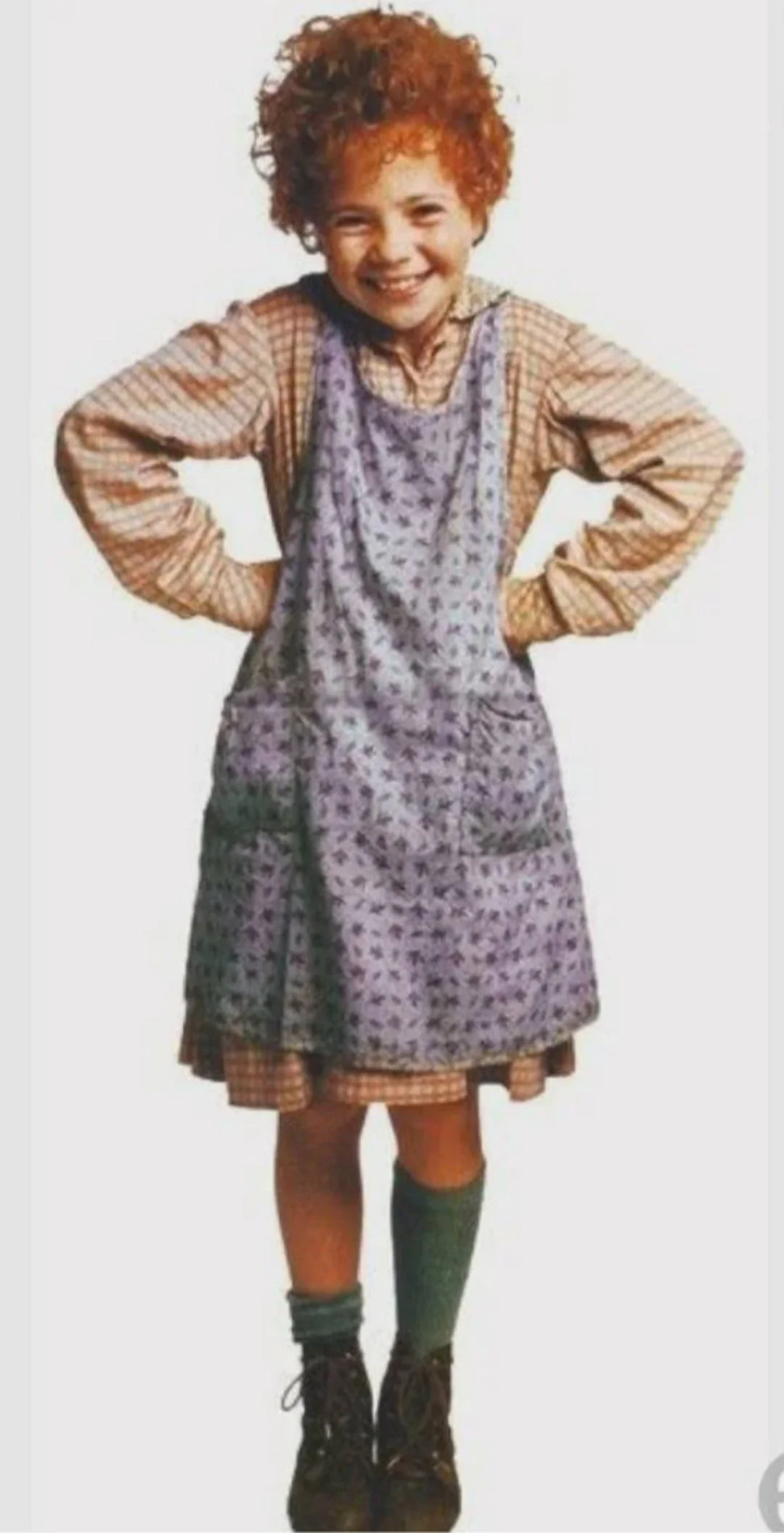 Annie - orphan scrubs with red cardigan/ brown combat boots & red/white dress black ballet flats
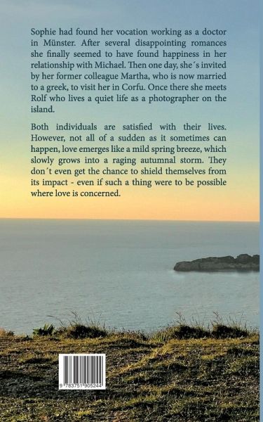 Sophie had found her vocation working as a doctor in Münster. After several disappointing romances she finally seemed to have found happiness in her relationship with Michael. Then one day, she´s invited by her former colleague Martha, who is now married to a greek, to visit her in Korfu. Once there she meets Rolf who lives a quiet life as a photographer on the island.Both individuals are satisfied with their lives. However, not all of a sudden as it sometimes can happen, love emerges like a mild spring breeze, which slowly grows into a raging autumnal storm. They don´t even get the chance to shield themselves from its impact - even if such a thing were to be possible where love is concerned.
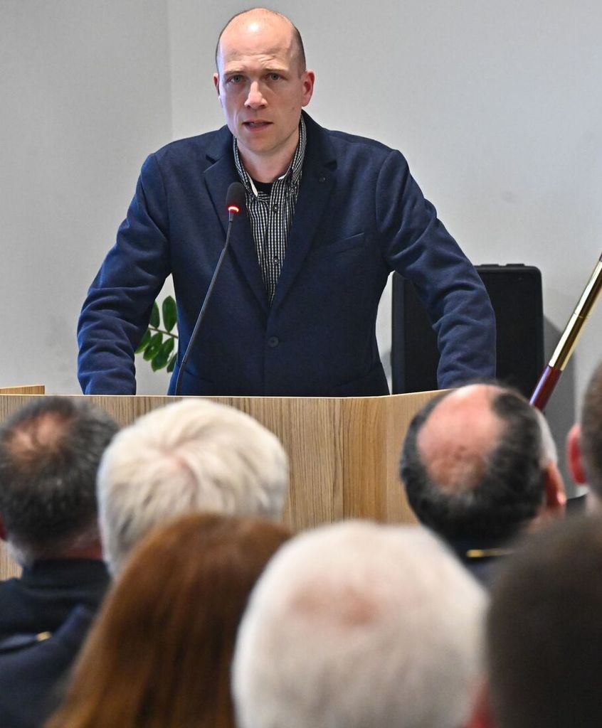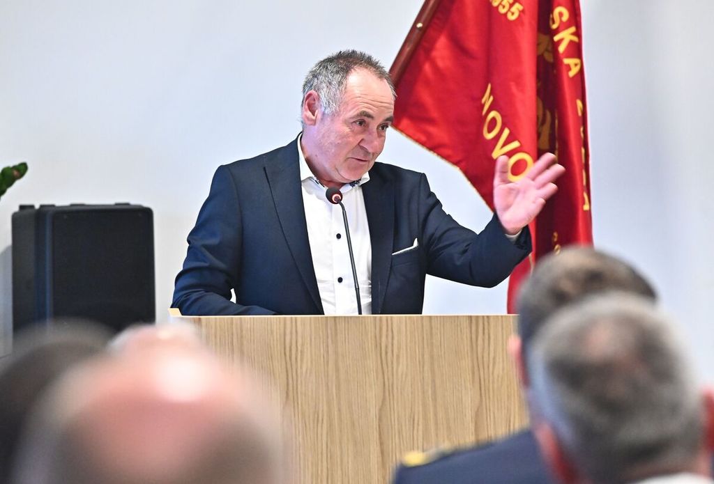 „Lepo pozdravljeni v Mirni Peči. Bi vas že prej z veseljem povabili na kako skupščino, a nismo imeli primernih prostorov, zdaj jih imamo. Zato smo veseli in počaščeni, da smo vas tokrat lahko sprejeli. Verjamem, da ni enostavno voditi tako organizacijo. A je lahko tudi enostavno – če imamo vsi isti cilj, potem tudi težave, ki nastanejo, hitro rešimo. Za delovanje so potrebne tudi finance. Verjamem, da bomo še naprej podpirali gasilce. Brez krovne organizacije, to je Gasilske zveze Novo mesto, ne bi bilo takega razvoja gasilstva: začenši s tekmovanji in izobraževanji. To je v današnjih časih, ob takem napredku, še kako pomembno. Če ne bi bilo tako kvalitetnega izobraževanja, se marsikaterega požara ne bi mogli gasilci varno udeležiti in ustrezno posredovati. Male občine, kot smo tudi mi, se še kako dobro zavedamo, kaj pomenijo za nas gasilci. Pri nas ne moreš izpeljati dogodka brez gasilcev. Pa ne le za posredovanje v sili: gasilci so še marsikaj več: v vaseh in krajih so tista društva, ki ljudi držijo skupaj. Če bomo ohranili to pripadnost in humanost, potem nam bo bistveno lažje na tem ljubem svetu. Sem pa tudi vesel: kot sem slišal v poročilo vaše zveze, vlada veliko zanimanje pri mladih za gasilstvo. Če bomo mlade zastrupili z gasilstvom, jih bo nekaj zagotovo ostalo v gasilskih vrstah, kot ste še vi danes. Če to naredimo, smo naredili veliko. Da nam bo vsem lepše in dobro. Še enkrat čestitke in vse ob 70-letnici. Gasilski pozdrav Na pomoč!“ je ob tej priložnosti povedal Andrej Kastelic, župan Občine Mirna Peč. Ob tej priložnosti je župan prejel tudi zahvalo, ki mu je izročilo vodstvo Gasilske zveze Novo mesto.

● ● ● ● ●

## How to complete this task
When you repeat the material above, keep every word exact and leave out the pictures.

## The answer
 Annie - orphan scrubs with red cardigan/ brown combat boots & red/white dress black ballet flats
 Sophie had found her vocation working as a doctor in Münster. After several disappointing romances she finally seemed to have found happiness in her relationship with Michael. Then one day, she´s invited by her former colleague Martha, who is now married to a greek, to visit her in Korfu. Once there she meets Rolf who lives a quiet life as a photographer on the island.Both individuals are satisfied with their lives. However, not all of a sudden as it sometimes can happen, love emerges like a mild spring breeze, which slowly grows into a raging autumnal storm. They don´t even get the chance to shield themselves from its impact - even if such a thing were to be possible where love is concerned.
 „Lepo pozdravljeni v Mirni Peči. Bi vas že prej z veseljem povabili na kako skupščino, a nismo imeli primernih prostorov, zdaj jih imamo. Zato smo veseli in počaščeni, da smo vas tokrat lahko sprejeli. Verjamem, da ni enostavno voditi tako organizacijo. A je lahko tudi enostavno – če imamo vsi isti cilj, potem tudi težave, ki nastanejo, hitro rešimo. Za delovanje so potrebne tudi finance. Verjamem, da bomo še naprej podpirali gasilce. Brez krovne organizacije, to je Gasilske zveze Novo mesto, ne bi bilo takega razvoja gasilstva: začenši s tekmovanji in izobraževanji. To je v današnjih časih, ob takem napredku, še kako pomembno. Če ne bi bilo tako kvalitetnega izobraževanja, se marsikaterega požara ne bi mogli gasilci varno udeležiti in ustrezno posredovati. Male občine, kot smo tudi mi, se še kako dobro zavedamo, kaj pomenijo za nas gasilci. Pri nas ne moreš izpeljati dogodka brez gasilcev. Pa ne le za posredovanje v sili: gasilci so še marsikaj več: v vaseh in krajih so tista društva, ki ljudi držijo skupaj. Če bomo ohranili to pripadnost in humanost, potem nam bo bistveno lažje na tem ljubem svetu. Sem pa tudi vesel: kot sem slišal v poročilo vaše zveze, vlada veliko zanimanje pri mladih za gasilstvo. Če bomo mlade zastrupili z gasilstvom, jih bo nekaj zagotovo ostalo v gasilskih vrstah, kot ste še vi danes. Če to naredimo, smo naredili veliko. Da nam bo vsem lepše in dobro. Še enkrat čestitke in vse ob 70-letnici. Gasilski pozdrav Na pomoč!“ je ob tej priložnosti povedal Andrej Kastelic, župan Občine Mirna Peč. Ob tej priložnosti je župan prejel tudi zahvalo, ki mu je izročilo vodstvo Gasilske zveze Novo mesto.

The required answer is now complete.